* Action item *
Take the line that contains "Digital Sheet Music" and each line after it to the end of the material below, and return them exactly, minus the pictures.

Data extract below:

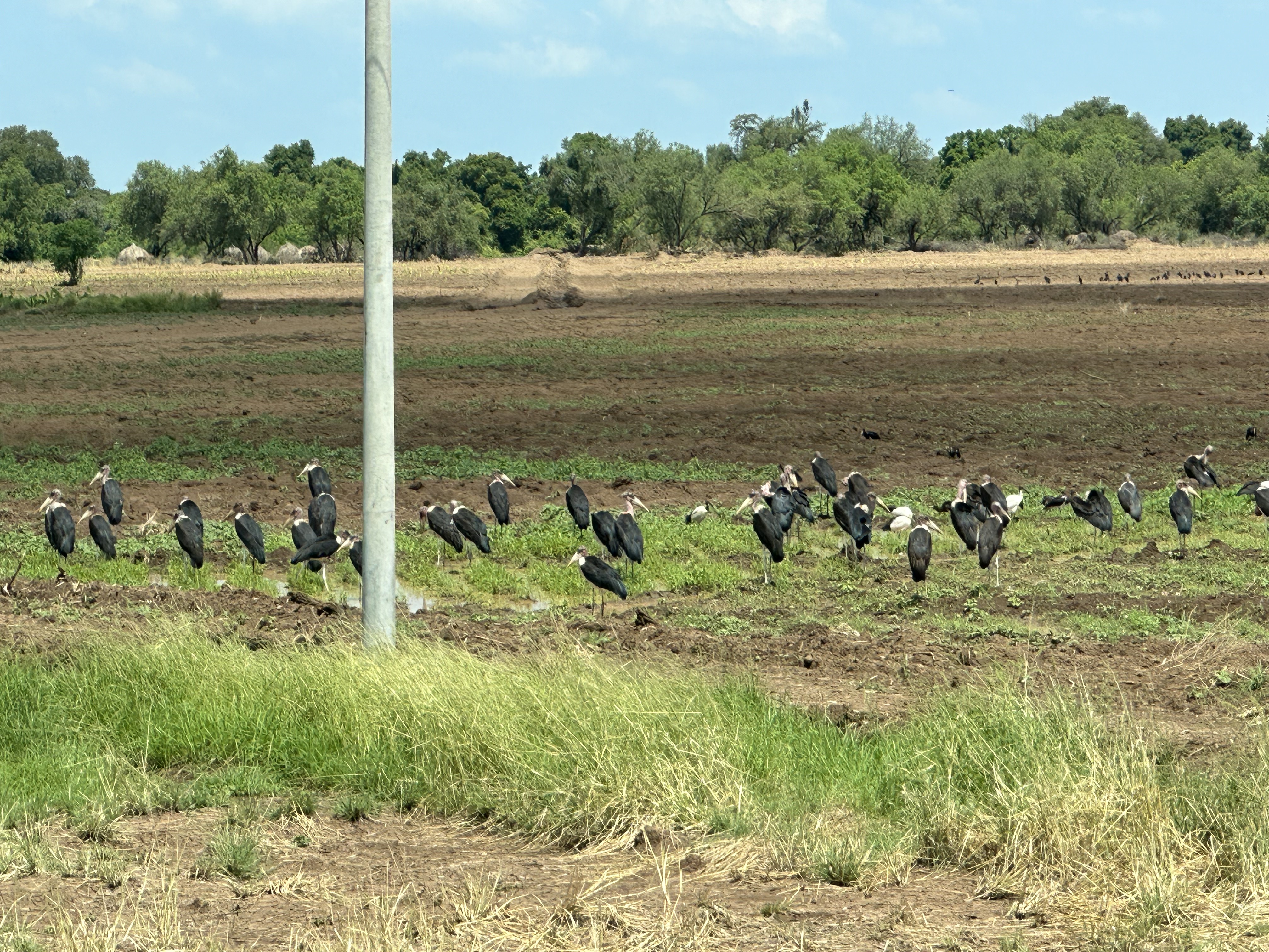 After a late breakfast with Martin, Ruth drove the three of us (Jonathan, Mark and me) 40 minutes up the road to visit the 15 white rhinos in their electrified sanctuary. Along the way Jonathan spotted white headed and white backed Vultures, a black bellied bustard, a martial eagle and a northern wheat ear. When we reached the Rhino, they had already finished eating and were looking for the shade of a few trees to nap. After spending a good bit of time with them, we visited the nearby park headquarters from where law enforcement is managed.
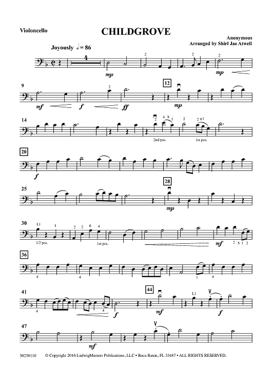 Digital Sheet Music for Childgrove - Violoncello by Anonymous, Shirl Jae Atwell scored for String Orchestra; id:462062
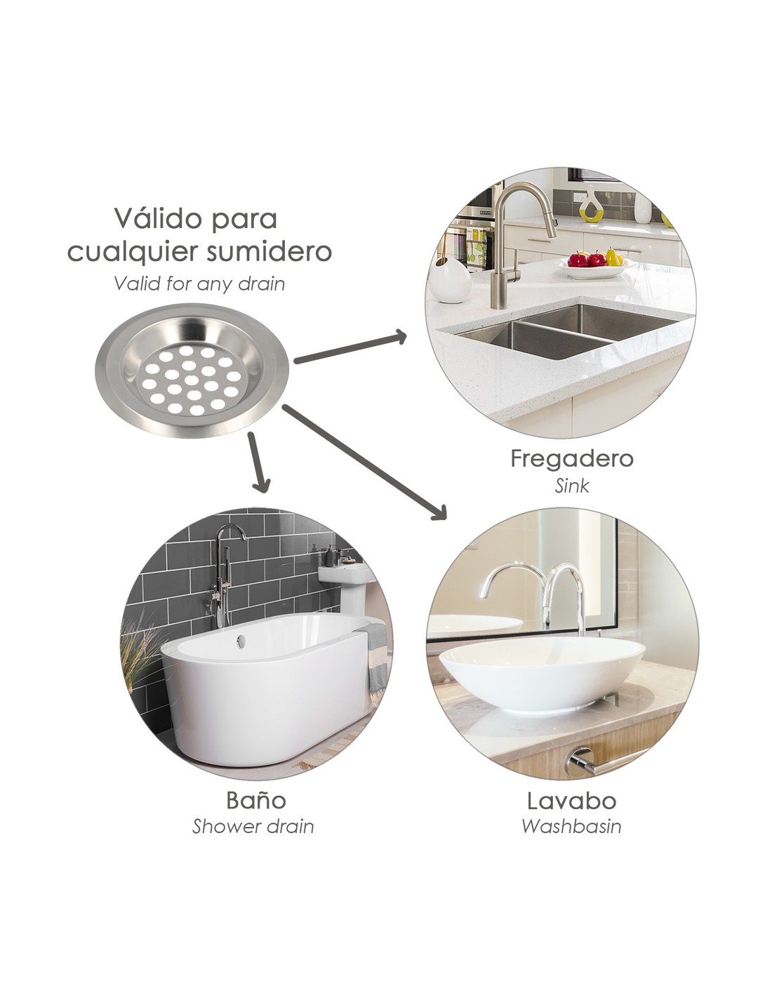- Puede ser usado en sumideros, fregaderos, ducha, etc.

End of Data extract.

* Problem solution *
 Digital Sheet Music for Childgrove - Violoncello by Anonymous, Shirl Jae Atwell scored for String Orchestra; id:462062
- Puede ser usado en sumideros, fregaderos, ducha, etc.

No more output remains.